## WHAT NEEDS TO BE DONE
Retype the whole listing exactly. Leave out pictures.

## INFORMATION SUPPLIED
== == ==
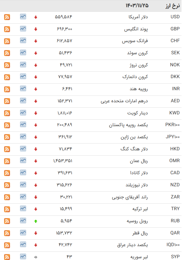| روبل روسیه | RUB | ۷۲۶۴ | ۷۳۳۰ | ۱۲۲ | ۷۰۶۷ | ۷۱۳۱ | ۱۲۰ |
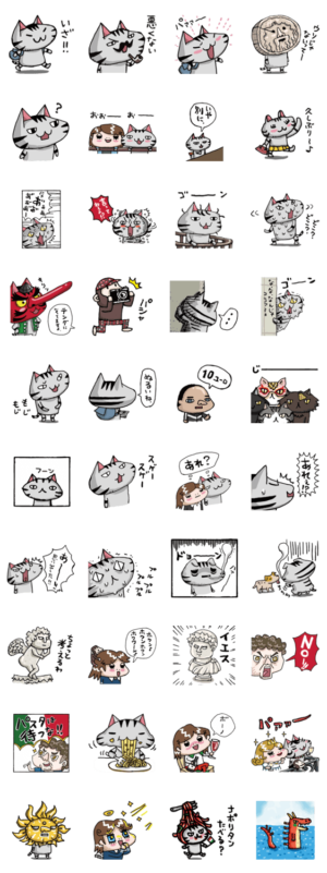 『ちびギャラリー』『旅ボン』シリーズ作者、ボンボヤージュのLINEスタンプ第5弾。今回は書籍『旅ボンイタリア編』から、変なリアクションとかを集めました。
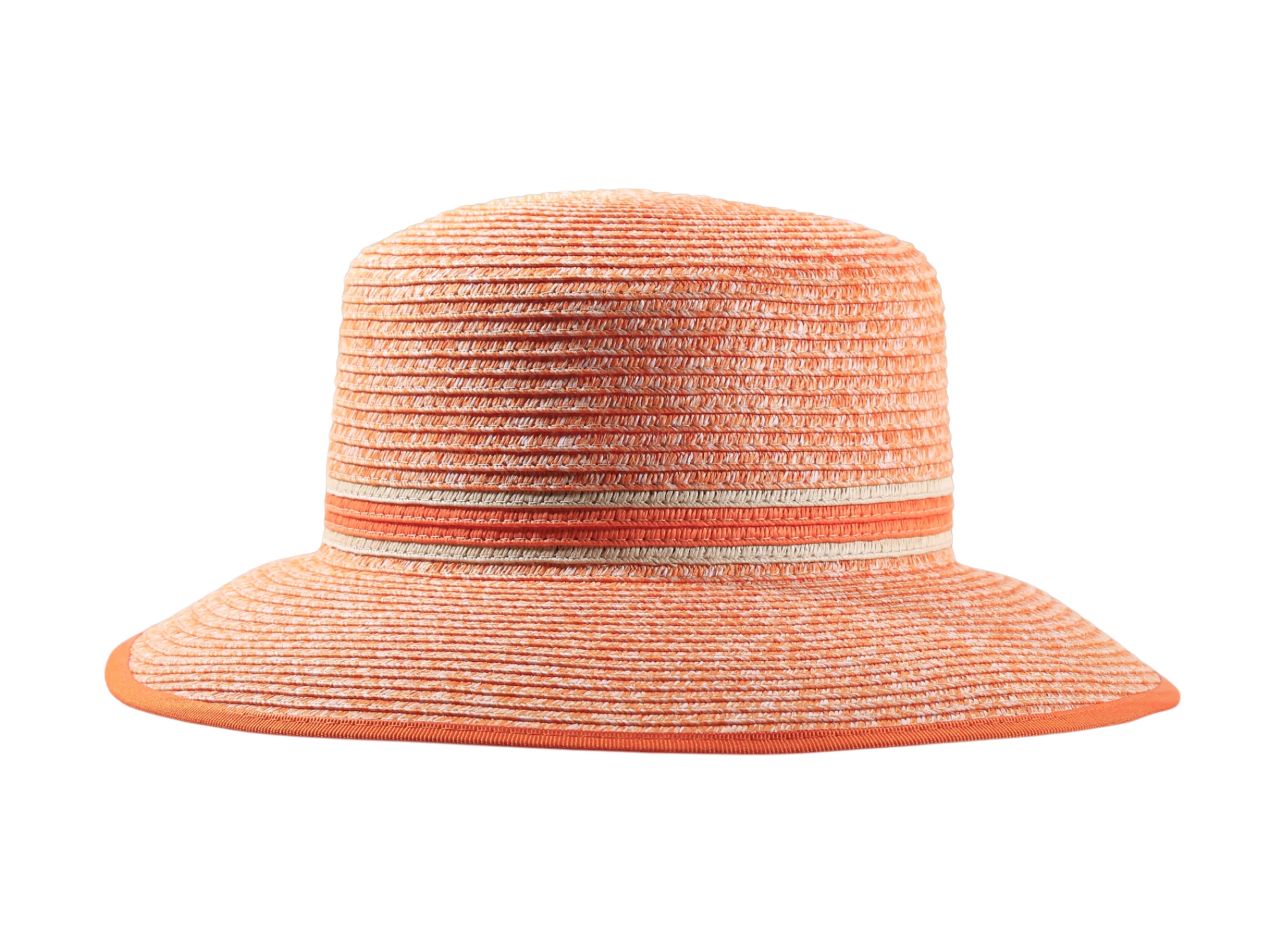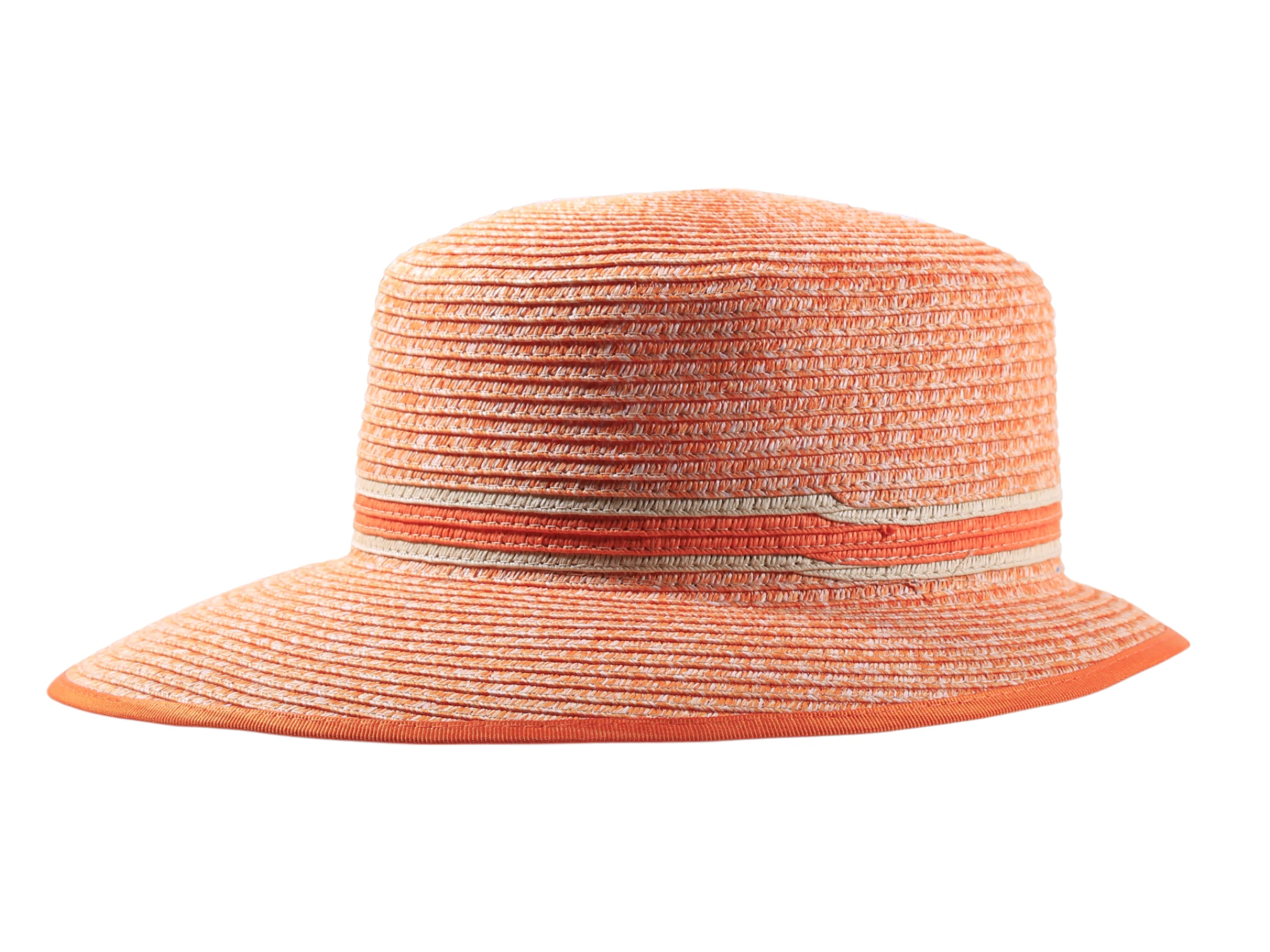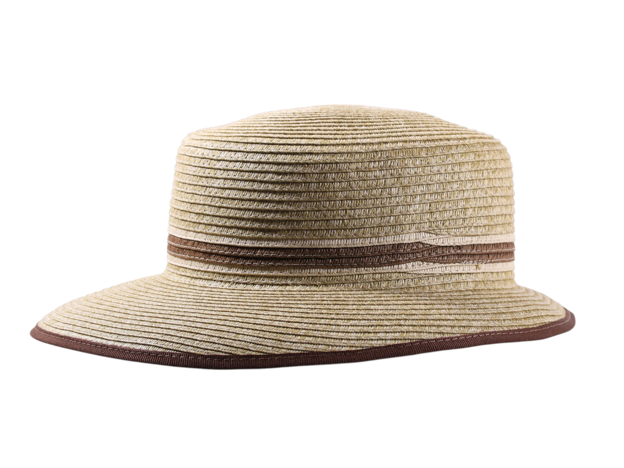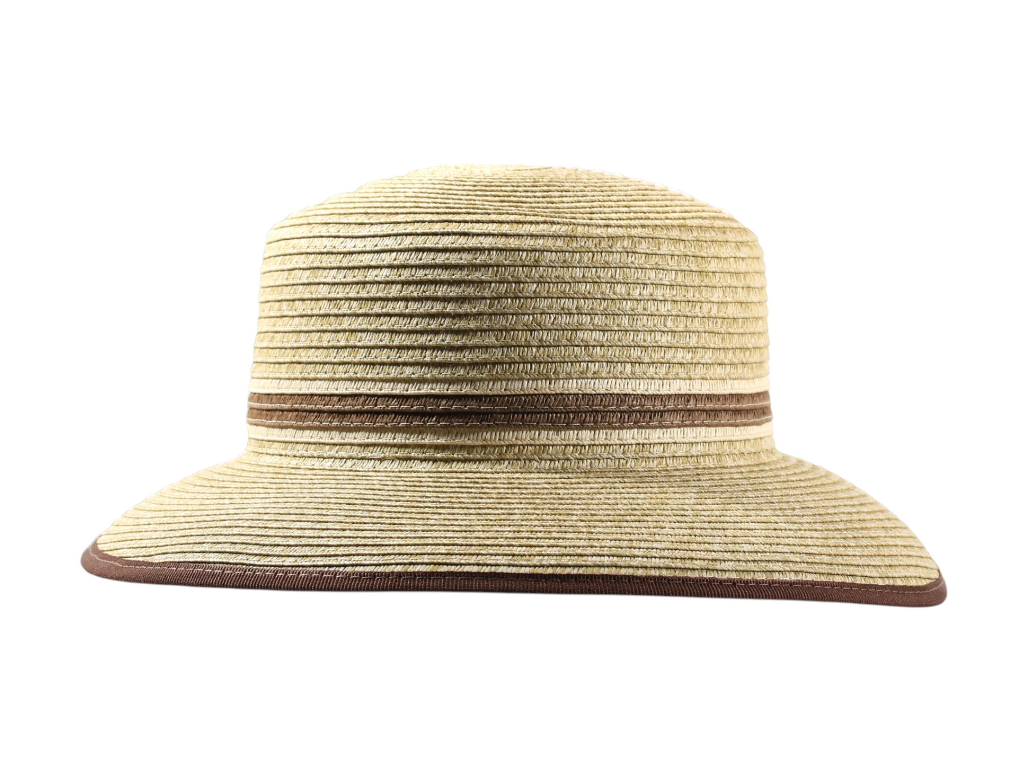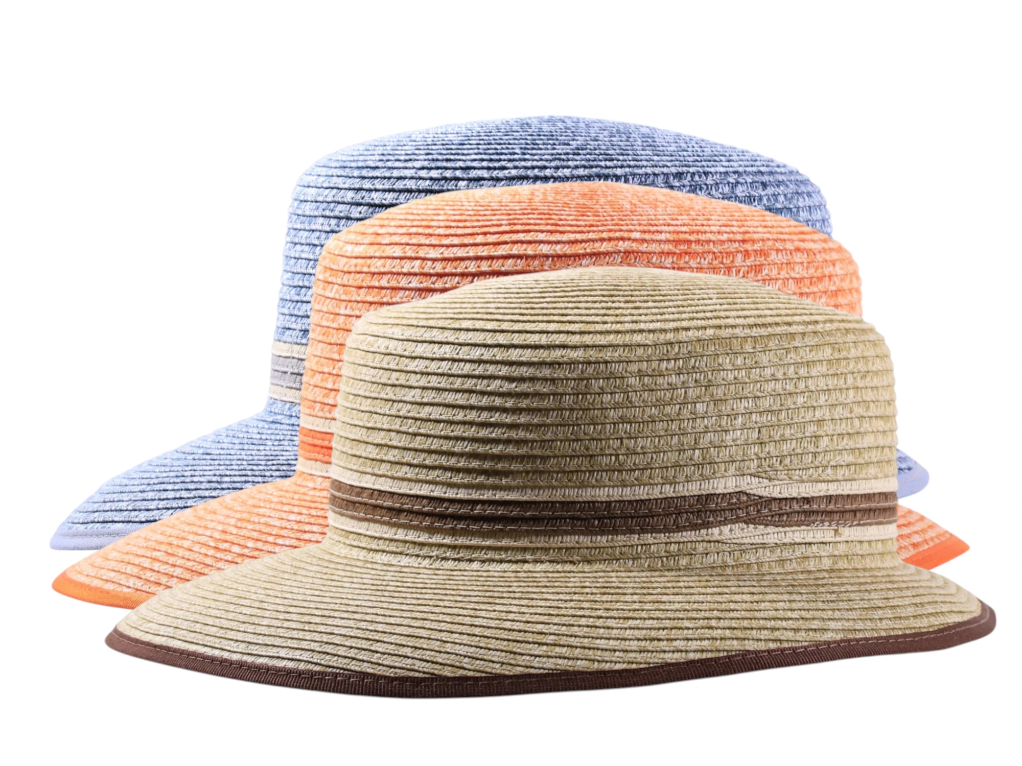 Garnitur: Schmale Kontraststreifen in abgestimmten Farbtönen, die die zarte Struktur des Hutes betonen
== == ==
## RESPONSE AREA
| روبل روسیه | RUB | ۷۲۶۴ | ۷۳۳۰ | ۱۲۲ | ۷۰۶۷ | ۷۱۳۱ | ۱۲۰ |
 『ちびギャラリー』『旅ボン』シリーズ作者、ボンボヤージュのLINEスタンプ第5弾。今回は書籍『旅ボンイタリア編』から、変なリアクションとかを集めました。
 Garnitur: Schmale Kontraststreifen in abgestimmten Farbtönen, die die zarte Struktur des Hutes betonen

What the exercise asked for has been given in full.